Romanian President Rejects Muslim Woman As Prime Minister

Chris Menahan
InformationLiberation
Dec. 28, 2016

Smart move.

From The Guardian:
Romania’s president has rejected a proposal by the leftist party that won elections this month to appoint the country’s first female and first Muslim prime minister.

Klaus Iohannis gave no reasons for rejecting the nomination of Sevil Shhaideh, put forward by the Social Democrats (PSD), but there was speculation that it may have been due to her Syrian husband’s background.
“I have properly analysed the arguments for and against and I have decided not to accept this proposal,” the president said in a televised statement. “I call on the PSD coalition to make another proposal.”

The PSD won 45% of the vote on 11 December. Its leader, Liviu Dragnea, withdrew his own bid to become prime minister because he is serving a two-year suspended sentence for fraud in a previous election.

Shhaideh’s political experience is limited, having served as development minister for just five months before the previous PSD-led government resigned in late 2015. This and her personal closeness to Dragnea – he was a witness at her wedding – stoked opposition accusations that she would merely be his puppet.
Only .3% of the population of Romania is Muslim. 81% are Orthodox Christians. To select a Muslim woman to be the Prime Minister of an Orthodox Christian country is just bizarre.

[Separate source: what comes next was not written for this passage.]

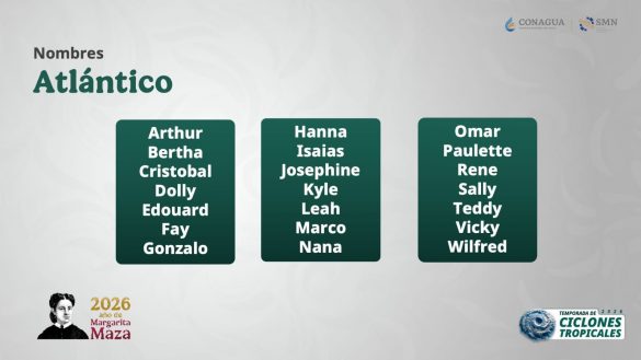 Cancún.- La Comisión Nacional del Agua (Conagua) dio a conocer el pronóstico oficial de la temporada de ciclones tropicales 2026 en el Atlántico, en la que se prevé la formación de entre 11 y 15 sistemas, informó la gobernadora Mara Lezama Espinosa.

Johannis is rather interesting in that he was elected despite being part of a dwindling minority of Germans.

Via Wikipedia:
In 2000, the Democratic Forum of Germans in Romania in Sibiu decided to back him as a candidate for mayor. Despite the fact that Sibiu's German minority had shrunken to a mere 1.6%, Iohannis was elected with 69.18% of the votes and has won three re-elections in a row, getting some of the largest electoral scores in the country: 88.7% of the vote in 2004, and 87.4% in 2008. He is the first ethnic German mayor of a Romanian city since Albert Dörr, who served from 1940 to 1945. The small German minority is popular in Romania, where they are often viewed as hard-working, precise and uncompromising. Many Romanians also remember that the country experienced some of its best moments under German kings over a century ago.
Sounds like this is a very wise man who made a very wise decision.